Искусство конца XIX—начала XX века активно проявляет присущую искусству вообще способность адаптироваться к будущему, чем в значительной степени вызвана стилистическая многовариантность живописи данного времени. Эта многовариантность усилена ситуацией борьбы «двух культур», идеологически поляризующей явления искусства и выражающейся в борьбе различных художественных направлений, школ, группировок. В искусстве, которое оперирует конкретно-чувственными образами, словно бы сохраняющими нечто от самого бытия и поэтому неисчерпаемыми, как сама жизнь, многозначными, борьба двух культур оказывается неизмеримо более сложной, нежели, допустим, в философии, публицистике, оперирующих логическими понятиями.

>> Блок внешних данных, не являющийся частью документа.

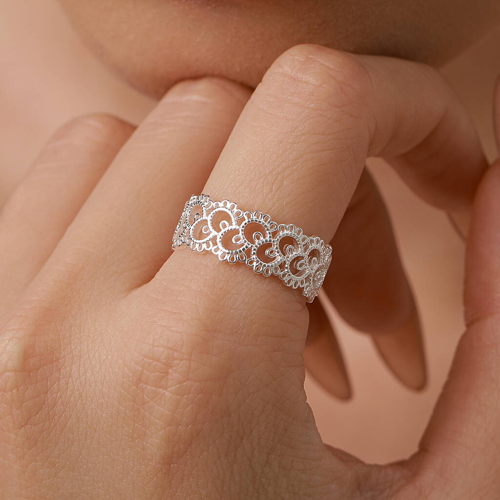 Add intricate elegance with the Sterling Silver Lace Filigree Band Ring—delicately crafted, timeless, and perfect for layering or wearing alone for a sophisticated, detailed look.

Поскольку мышление (в том числе и мышление в образах) неотрывно от языка, развитие языковых форм в принципе соответствует развитию идей, выражающих отношение художника к обновляющейся действительности. Язык искусства эволюционирует благодаря «потребностям» содержания. Но содержание включает разные уровни: эмоциональный и интеллектуальный, социально-психологический и идеологический. Поэтому общность на одном уровне может сочетаться с различием на другом. Зачастую идеологические различия проявляются на общей стилистической основе, хотя и накладывают на нее некоторый отпечаток. Вот почему было бы вульгаризаторством судить о принадлежности того или иного явления искусства к прогрессивной или реакционной идеологии лишь по его языку. Язык — «орудие», средство общения. И в той мере, в какой он является средством общения — в пределах данного коллектива, — он стремится к общезначимости. Разумеется, это «орудие» может быть использовано (и используется) в разных целях для выражения разного содержания, которое на своем идеологическом уровне отражает борьбу двух культур. И здесь мы вправе говорить, что искусство одного художника несет в себе жизнеутверждение, а другого — жизне-отрицание; одно — гуманно, другое — антигуманно; одно — раскрывает связь личности с коллективом, другое—проповедует индивидуализм; одно — служит интересам эксплуатируемых классов, другое — эксплуататорских и т. д. Однако идеологический «итог» произведения возникает из всей совокупности сложного взаимодействия содержания и формы, а не из того или иного набора формальных признаков. Последние не гарантируют принадлежности художественного произведения к той или иной идеологии. Противоположные идеи могут быть реализованы в рамках типологически общих средств выражения, то есть языка. В классицизме, например, — на разных этапах его развития — были и прогрессивные, и охранительские тенденции. В романтизме — революционные и реакционные. И то, что мы относим к реализму XIX века, вовсе не отличалось абсолютным единством: свой «салон» (5) был и у Курбе, и у передвижников. Таким образом, о борьбе идеологий можно говорить, касаясь любого явления искусства, но не следует отождествлять обновление средств художественной выразительности, то есть языка, с проявлением той или иной идеологии.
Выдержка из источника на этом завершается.